Weigel

The Can Kicks Back, and the Best Correction I Never Made

The Can Kicks Back, the deficit hawk group that was designed to organize and win over millennials, used to allow anyone to access its Google Group. It doesn’t anymore. Some time before the door was closed, though, Politico’s Byron Tau moseyed in and found that “the group’s cash reserves were down to $70,000, with more than $75,000 in outstanding commitments,” its fate relying on a fundraising firm and some angel donors.

“Without someone/something else covering staff costs and without fundraising miracles like Stan or near-Stan happening consistently, I don’t know how we both sustain [an] organization and do meaningful things,” Nick Troiano, co-founder and communications director of the group, wrote in a November email.
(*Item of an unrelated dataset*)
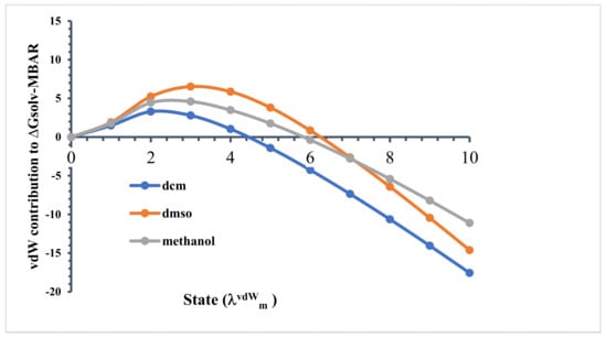 Contribution of the van der Waals force at each stage of the ∆Gsolv calculation using Multistate Bennett acceptance ratio (MBAR).
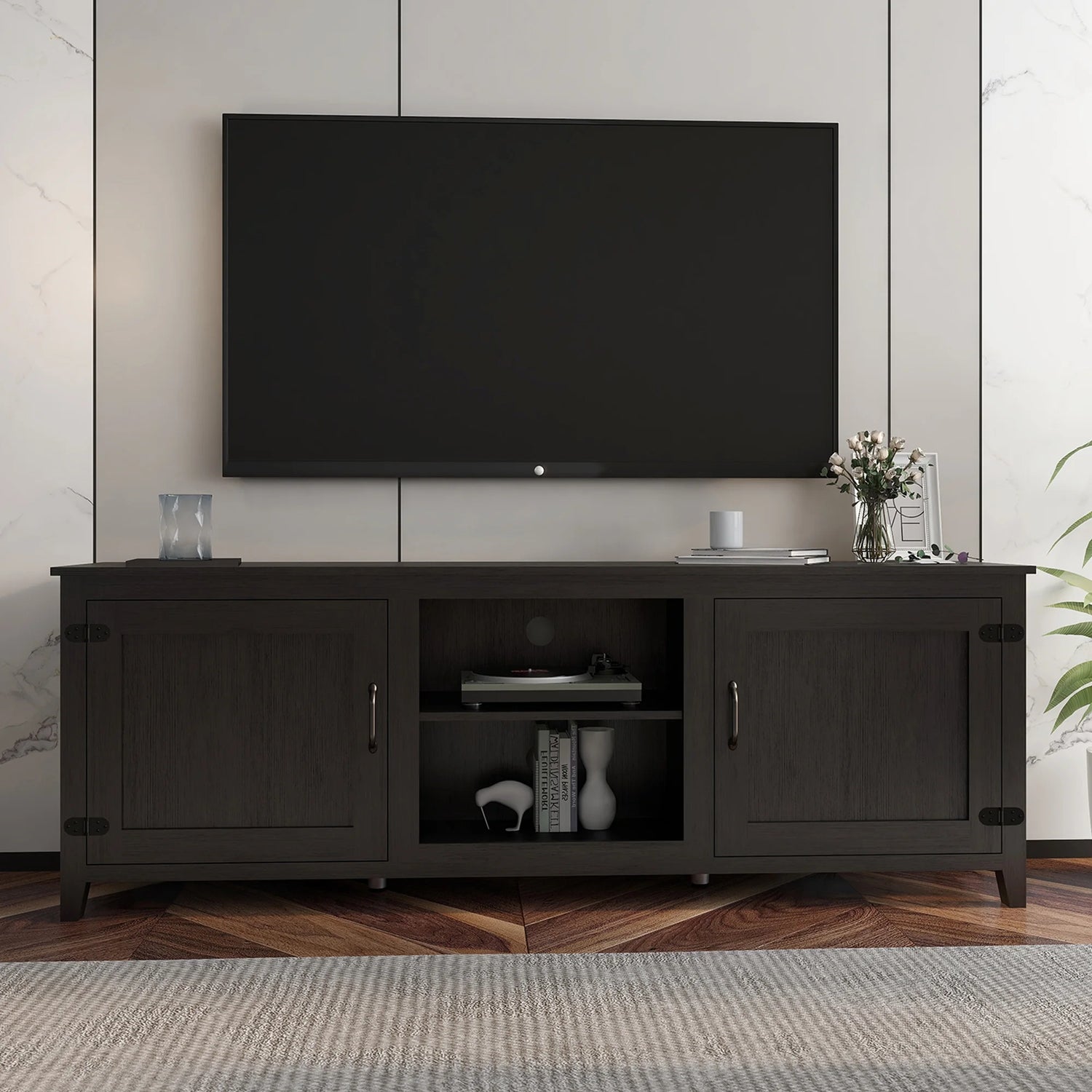 SYNGAR Farmhouse TV Stand for 70 inch TV, Wooden TV Cabinet Console Table with 2 Doors Cabinets and Storage Compartments, Entertainment Center for Living Room, Traditional Black, 70"L x 15"W x 25"H

Troiano was referring to a large donation by hedge fund manager Stan Druckenmiller.

Right, that’s a solution that should be familiar to anyone whose pension or temporary government assistance has been cut—just wait for Stan Druckenmiller to bail you out. I link the piece because it’s wonderful and because, halfway through it:

In response to a 2012 Slate piece by reporter Dave Weigel linking The Can Kicks Back with the billionaire anti-debt activist Peter Peterson, Eisenstadt argued that the group should request a correction — saying that the perception that they are Peterson-funded was hurting their credibility, according to an email thread.

“Technically one can make an argument that we are …,” Parent wrote back in an email. “We receive most of our money from [Committee for a Responsible Federal Budget], which has received large amounts of funding from Peterson.” Slate never appended a correction to the piece. 

The piece in question was about the failure of the amorphous “grand bargain” groups that were vague enough about their policy desires to be endorsed by both parties and mistrusted by activists on all sides. Holds up, I’d argue.